Round of 32 pairings were as follows: the six remaining teams participating in the 2018–19 Segunda División B and Tercera División faced the four 2018–19 La Liga teams which qualified for the UEFA Champions League and two of the three teams which qualified for the Europa League. The six remaining teams participating in Segunda División faced the last Europa League team not drawn previously and other La Liga teams. The remaining teams faced each other. In matches involving teams from different league tiers, the team in the lower tier played the first leg at home. This rule was also applied in the Round of 16, but not for the quarter-finals and semi-finals, in which the order of legs was based on the luck of the draw.

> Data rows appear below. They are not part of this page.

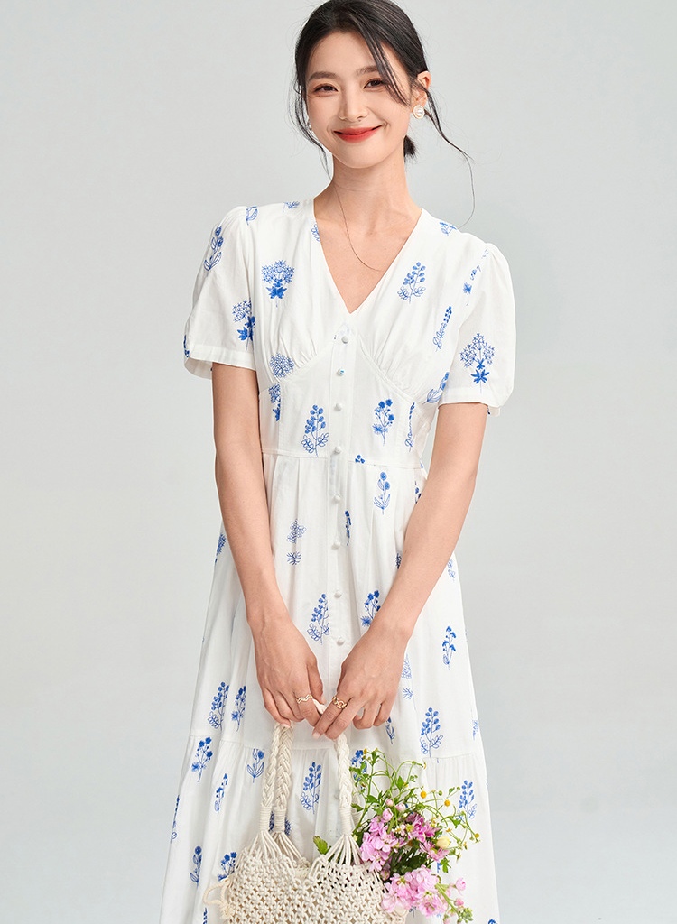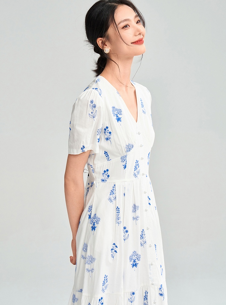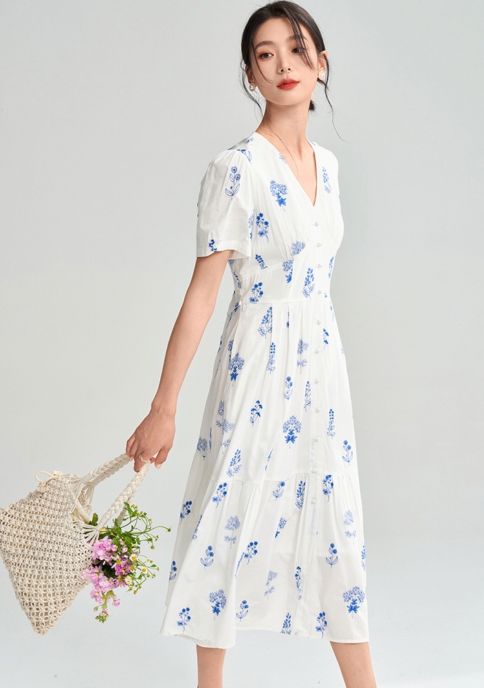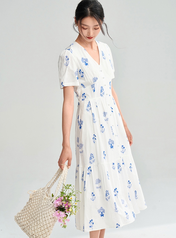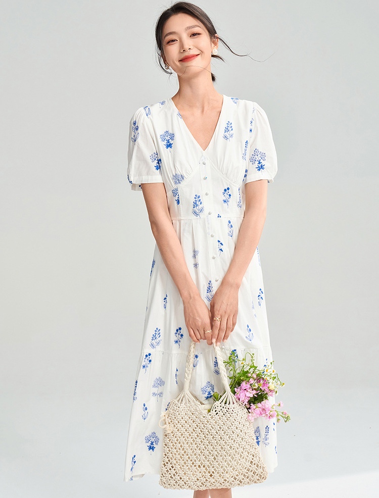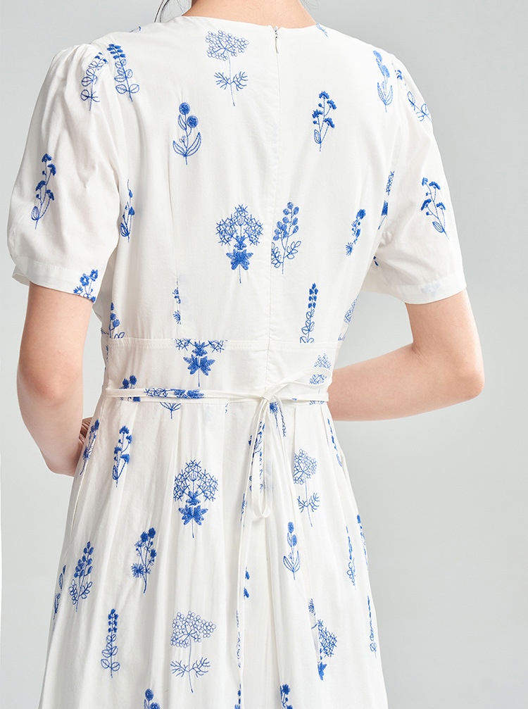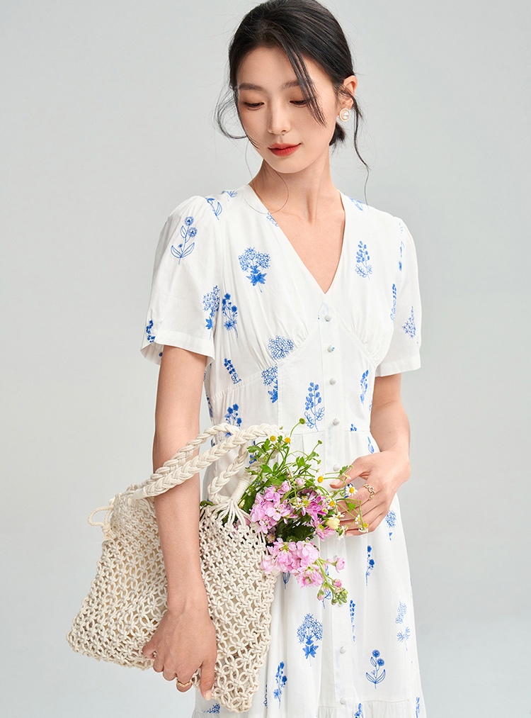 清新的蓝色绣花蔓延裙身宛若之神莫奈花园,气质V领展现锁骨优化脸型过膝长裙不压身高,轻松释放柔美菁致的氛围感.
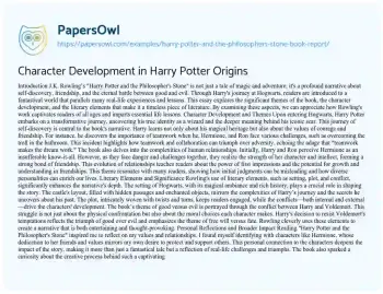 Character Development in Harry Potter Origins. (2020, Mar 01). Retrieved from https://hub.papersowl.com/examples/harry-potter-and-the-philosophers-stone-book-report/
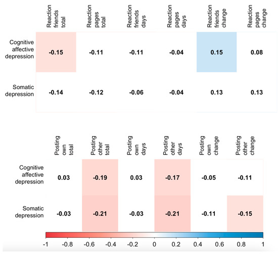 Most of the observed correlations were not significant. The volume of reaction on pages and posts on their own timeline did not correlate with any depression indicators. In the case of posts on others’ timelines and reactions on friends, we found a significant correlation with both depression types. Those who scored higher in depression scales had lower activity levels in these dimensions. We found a negative correlation between absolute change of posting on others’ timelines and somatic depression. It seems that those who had higher somatic depression levels posted less on others’ timelines, but the average volume of posting was more stable in their cases.
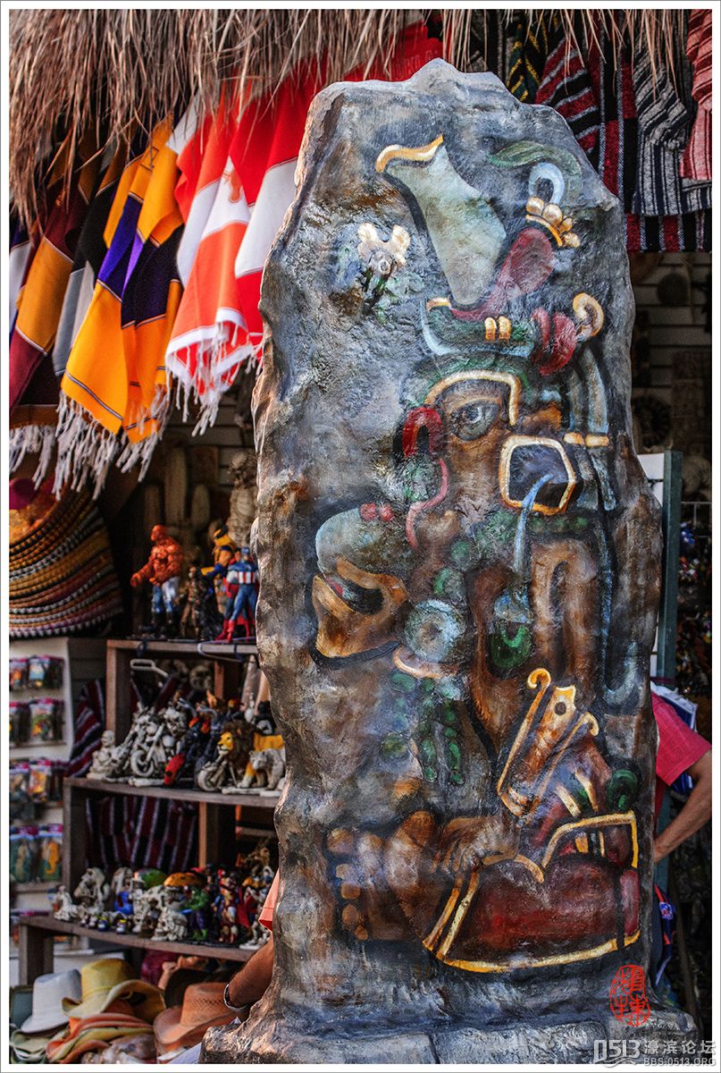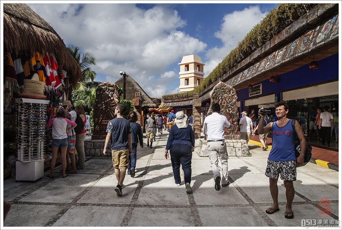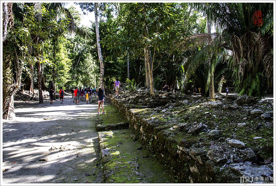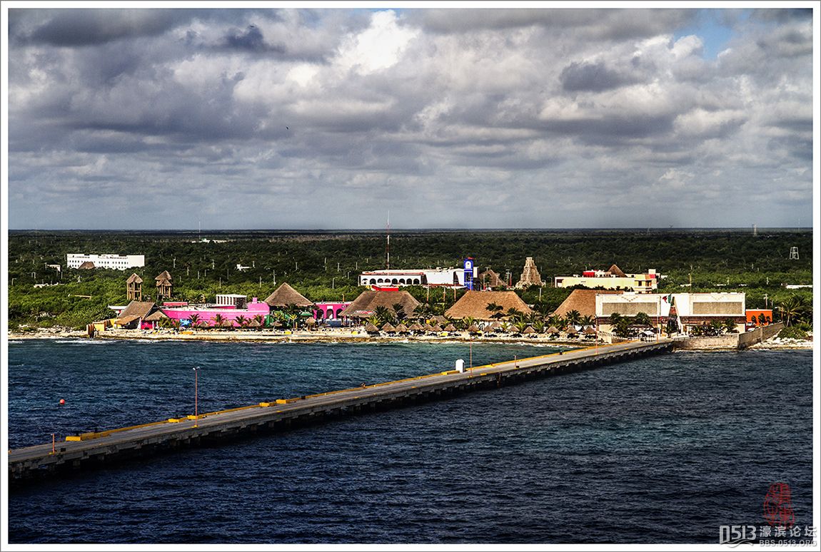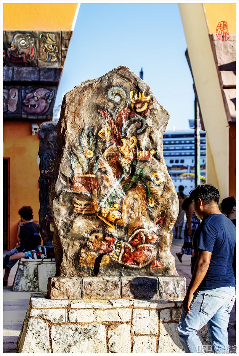 科斯达玛雅(CostaMaya)风光 我们的邮轮首站停靠在墨西哥南部的加勒比海湾尽头的科斯达玛雅(CostaMaya)。 科斯达玛雅(Costa Maya)位于墨西哥东南沿海地区的尤卡坦半岛坎昆的中部。这儿曾是古玛雅帝国最大最繁华的城市,也是玛雅帝国的政治和经济中心。公元前400年左右建立早期奴隶制国家,公元3~9世纪为繁盛期,15世纪衰落,最后为西班牙殖民者摧毁,此后长期湮没在热带丛林中。 我们和大多数来这里的游客一样主要是去看玛雅文化的遗迹。我最想看的是久负盛名的玛雅金字塔。传说玛雅人在3000年前就开始建造宗教性建筑,最早的遗迹是由一些简单的土坟所组成,后来才进一步演化为金字塔。玛雅人的金字塔与埃及人的金字塔除了在造型上略有不同以外,其建筑的作用有着本质区别的:埃及人的金字塔乃是古代埃及统治者法老们的陵墓,而科学家们推测玛雅人的金字塔的一个重要作用则是举行祭祀与庆典祭坛。 据导游讲这儿大大小小的金字塔非常之多,但凡是地面隆起的地方下面就是还没有整理开发的金字塔,这儿目前整理出来的金字塔就有好多个。 土生土长在墨西哥和中美洲的马雅人通过长期观测天象,掌握了日、月、金星的运动规律和日食月食周期,也拥有极其精准的历法。曾经疯传一时的“世界末日”的预言,其实是是有人理解错误,玛雅人的意思是在第五个太阳纪后,玛雅将跨入一个新纪元,并非是世界末日。 马雅长久以来被视为美洲最伟大的文明之一,玛雅文明的建筑工程达到世界最高水平,能对坚固的石料进行雕镂加工。在马雅人打造出宏伟的石造城市之际,当时的欧洲却仍处於黑暗时代。最不可思议的是,导游指着高出地面的很长一段用石头垒砌成的建筑遗存说,这是玛雅人的火车铁路遗址(第12图)。 科斯达玛雅(Costa Maya)现在是是世界著名的旅游胜地。在这里不仅可以饱揽玛雅文明的历史遗存,还可以领略到热带滨海城市的风情,可以尽情享受阳光、海浪、沙滩以及墨西哥文化和中美洲独特的生活情调。 6 Q% L1 o( [5 L4 P- C
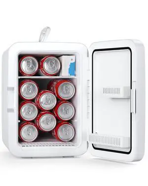 Compact Mini Fridge, 15 Can Portable Small Refrigerator with AC/DC Adapters, 10 Liter / 2.6 Gal Small Cosmetics Cooler for Beverage, Food, Skincare, Bedroom, Dorm, Office and Car, White
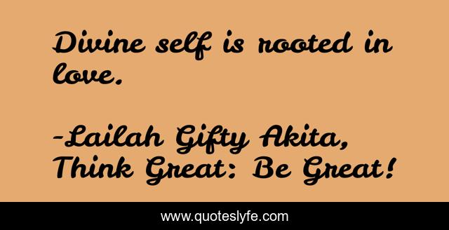 "Lailah Gifty Akita, Think Great: Be Great! Quotes." Quoteslyfe.com, 2025. Mon. 08 Dec. 2025. <https://www.quoteslyfe.com/quote/Divine-self-is-rooted-in-love-140413>.
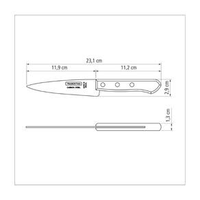 - Marca: Tramontina; - Tradicionalmente chamada de peixeira, se difundiu na cozinha para usos diversos; - Lâmina de aço carbono com maior durabilidade e resistência do fio de corte; - Cabo de madeira; - Rebites de alumínio; - Peso: 63,7 gr; - Garantia: 90 dias para vícios ou defeitos de fabricação.
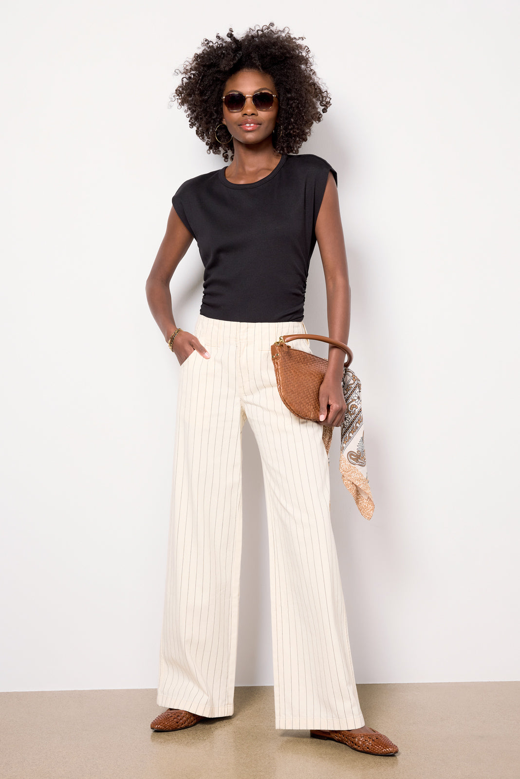 A versatile wardrobe staple. the Joni top by Michael Stars is cut from soft rib knit fabric and features a slim-fit silhouette with a slightly cropped length. strong shoulder design. and ruched sides for a flattering touch??perfect for day-to-night wear.
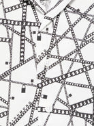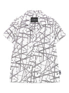 The John Richmond Junior white printed shirt for boys is available on the RubinoKids.com online store. Made from 100% cotton, it features a white button-up front, a Cuban collar, short sleeves, and a straight hem. Available in various sizes, it is part of the John Richmond Junior Spring/Summer 2025 collection and is available for immediate shipment with delivery within 24-48 hours in Italy.
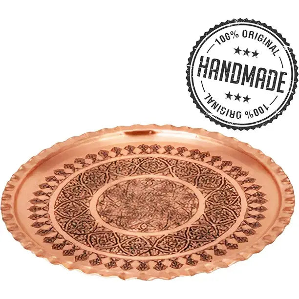 HANDMADE & 100% PURE COPPER: The copper Turkish tea-coffee trays are delicately handcrafted from 100% high-quality solid copper in Turkey-Europe.
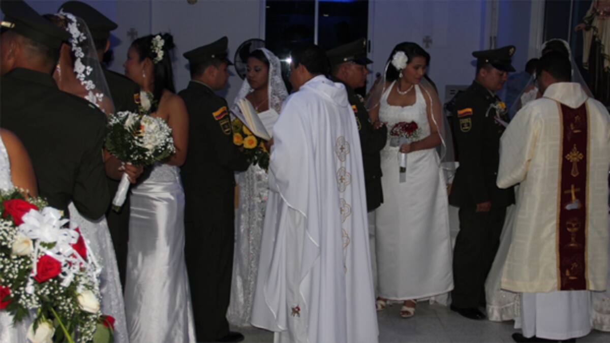 En la capilla de la escuela de Policía Antonio Nariño, 15 uniformados de la Policía Metropolitana de Barranquilla contrajeron nupcias con quienes habían sido durante varios años sus compañeras sentimentales.
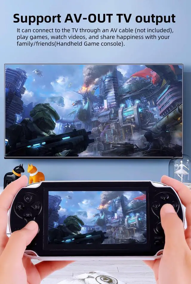The game console can be connected to the TV through an AV cable, one end is plugged into the game console, and the other three connectors are inserted into the TV according to the colors, and select the corresponding signal source on the TV, then select on the game console screen and press the A key to enter "Setting" ---"TV-OUT", select "PAL" or "NTSC" (according to the TV system of the user's country).
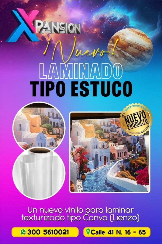 El laminado tipo estuco es un vinilo especial para laminación que ofrece un acabado texturizado tipo canvas (lienzo), ideal para dar un estilo artístico y elegante a impresiones y gráficos decorativos. Este tipo de laminado aporta profundidad y textura al diseño, creando un efecto visual similar al de una pintura sobre lienzo.
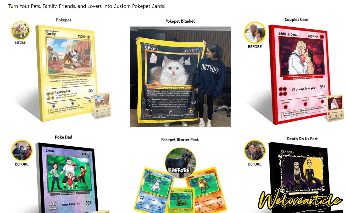 pokepetshop宠物用品一家做宠物卡片定制的公司,制作巨大的宠物卡牌和海报,有几个艺术家专门来设计,价格范围大概在50-100美元,相当可以的创意!

| Pot 1 Segunda B and Tercera División | Pot 2 European competitions | Pot 3 Segunda División | Pot 4 Rest of Primera División |
|---|---|---|---|
| Cultural Leonesa Ebro Melilla Racing Santander Sant Andreu Villanovense | Champions League: Atlético Madrid Barcelona (TH) Real Madrid Valencia 0 Europa League: Real Betis Sevilla Villarreal | Almería Cádiz Córdoba Lugo Mallorca Sporting Gijón | Alavés Athletic Celta Vigo Eibar Espanyol Getafe Girona Huesca Leganés Levante Rayo Vallecano Real Sociedad Valladolid |

==Round of 32==
The draw for the round of 32 took place on 19 October at La Ciudad del Fútbol, in Las Rozas de Madrid. On 23 October, the RFEF designated the referees for first leg matches. All first leg matches were scheduled to be played between 30 October and 1 November; however, the match between Athletic Bilbao and Huesca had to be postponed because of the preparations for an MTV concert in San Mamés. On 8 November, the RFEF made public the schedules for the second leg, scheduled to be played between 4 and 6 December.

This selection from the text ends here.